A cursory look at the data – even _sorting_ the data – shows a completely different picture. It doesn’t take much to learn about standard deviation or any of the other basic statistical tools. The rewards, however, are outstanding. I’ve punctured myths, showed where real problems lie and been able to give credit to groups who would otherwise be overlooked.

Terence
*Or OpenOffice Calc. Or something similar.

Um, you propose learning JS and PHP. I agree (I’m learning both). But, um, wouldn’t a knowledge of HTML be pretty essential first for both of those?

Hell, every blogger should learn how to read and replicate HTML, at least at a basic level. So many can’t even be bothered to learn how to code an anchor, let alone anything useful. But yeah, stats and data manipulation should be basic skills for journalists. If they can’t look at the dataset themself and spot obvious flaws, then they can’t do the job.

I gave up IT for journalism in 1996, gave that up for an academic career in 2004, and I still get people asking me if I can help them with their computers. (The really annoying thing is, I usually can.)

But… having given up IT for journalism 13 years ago, I know not this PHP or Python of which you speak. (Well, obviously I’ve heard of them…) I tend to agree more with the beginning and the very end of the post (and Terence’s comment, in particular) than with the middle – I think it’s an attitude rather than a specific skillset. It’s looking at the data (or the press release) and thinking

a) what’s this really saying?
b) how can I get hold of the data?
c) when I’ve answered b), how can I play with it to answer a)?

The idea that there’s a difference between raw data and aggregate data, and that the raw data’s malleable – that to me is the real lightbulb moment. The more I think about it the more I lean towards Terence’s point – number-crunching and IT skillz aren’t the same thing & don’t necessarily go together (um… do they?).

Incidentally, the last time I approached Charles Arthur for journalistic advice, his advice was that if I wanted to sell stuff I should go out and talk to people and find things out – any idiot with a blog can write a column. This was probably sound advice. (I decided to stick with academia.)

amoebic vodka

Journalists realising that correlation != causation would be a pretty good first step on the data thing. Though I suspect the post is targeted at journalists who’ve already got that.

Good post Chris.

As a semi-geeky PR person, I’m still embarrassed by my lack of coding skills. Sure, I can mess around with a little bit of HTML and can get by amending Wikipedia pages, but I wish I knew a bit about PHP and Javascript too (I’ve never been gripped by Yahoo Pipes, despite having a couple of plays though).

Unfortunately, most PRs – even those that claim to be social media experts – aren’t that hot on the tech side. Maybe it’s something that should feature on PR, marketing and business degree courses…?

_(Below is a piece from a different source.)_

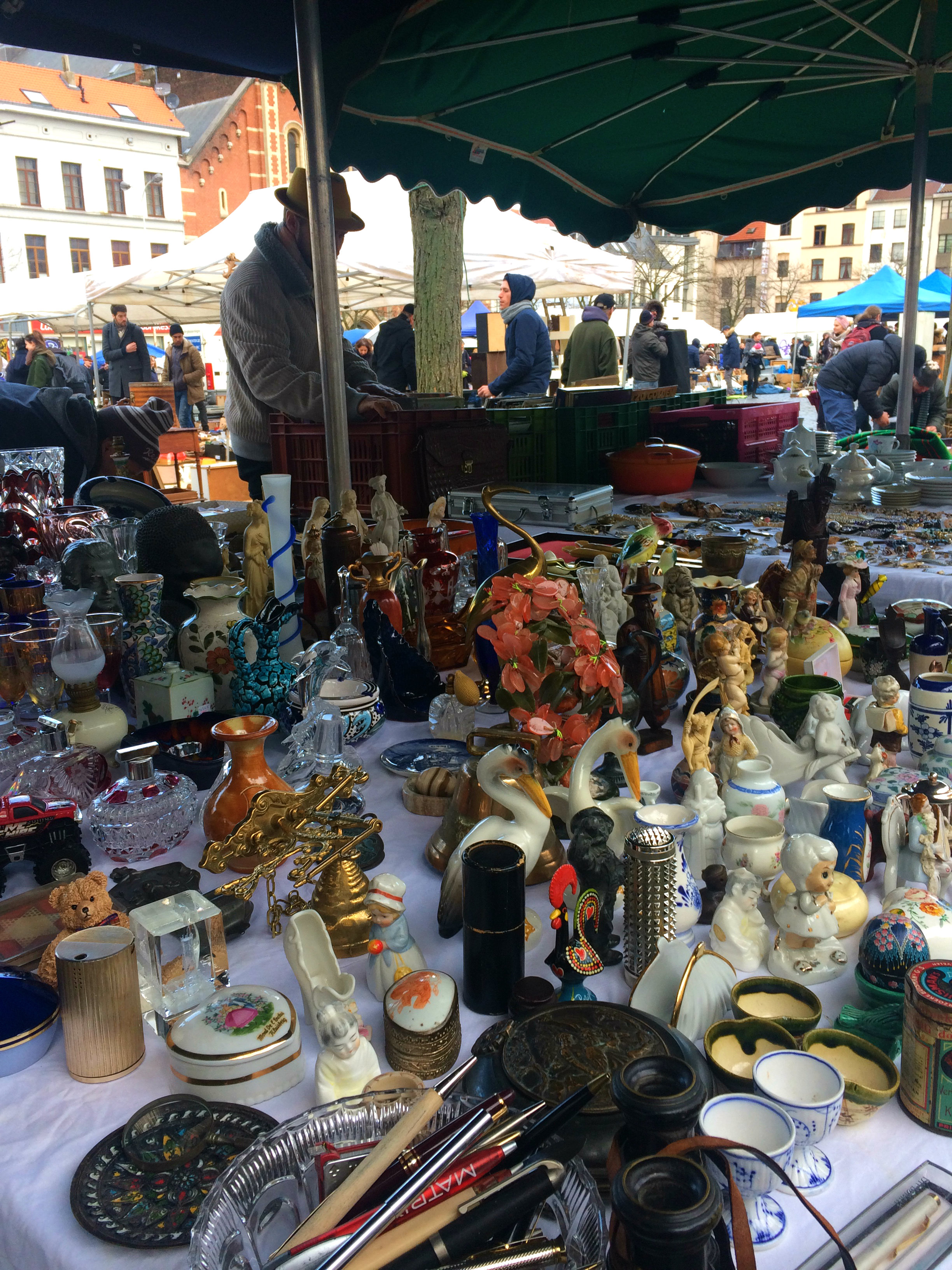 Domingo em Bruxelas é dia de feira de antiguidades na praça Jeu de Balle. Depois do super generoso e diversificado café da manhã do hotel, servido no terraço com uma vista magnífica para a cidade, parti pra explorar essa outra região da cidade. Com uma aparência menos histórica e cheia de cafés, restaurantes e lojas moderninhas, a região é super agradável para uma caminhada num domingo ensolarado.

I couldn’t agree with you more on the general principle, but I disagree regarding regular expressions. They are evilly seductive. True enough, I use them to solve simple problems every day, but I’m too often tempted to use them for complicated problems. Then the words of Jamie Zawinski echo mockingly around my head…

Some people, when confronted with a problem, think “I know, I?ll use regular expressions.” Now they have two problems.

I don’t think journalists need to learn how to code, any more than they need to learn how to make bread to be able to write about food or the baking industry. What they *do* need to know is not to take digital data at face-value, *understand* the digital experience instead of poking at it from the sidelines, have an understanding of how things are developed and indeed, be able to talk to geeks/programmers on their own level. Whether they need to learn how to program is a different matter.

And what happened to the days when BASIC and HTML was all you needed? *sigh*

First they came for the code monkeys, and I did nothing, because I was not a code monkey.
Then they came for the twitterers, and I did nothing, because I did not have twitter.
Then they came for the hackers, and I did nothing, because I do not hack.

And then they came for me, and I defeated and bamboozled them with my use of Oxford commas and a correct use of the Queen’s English.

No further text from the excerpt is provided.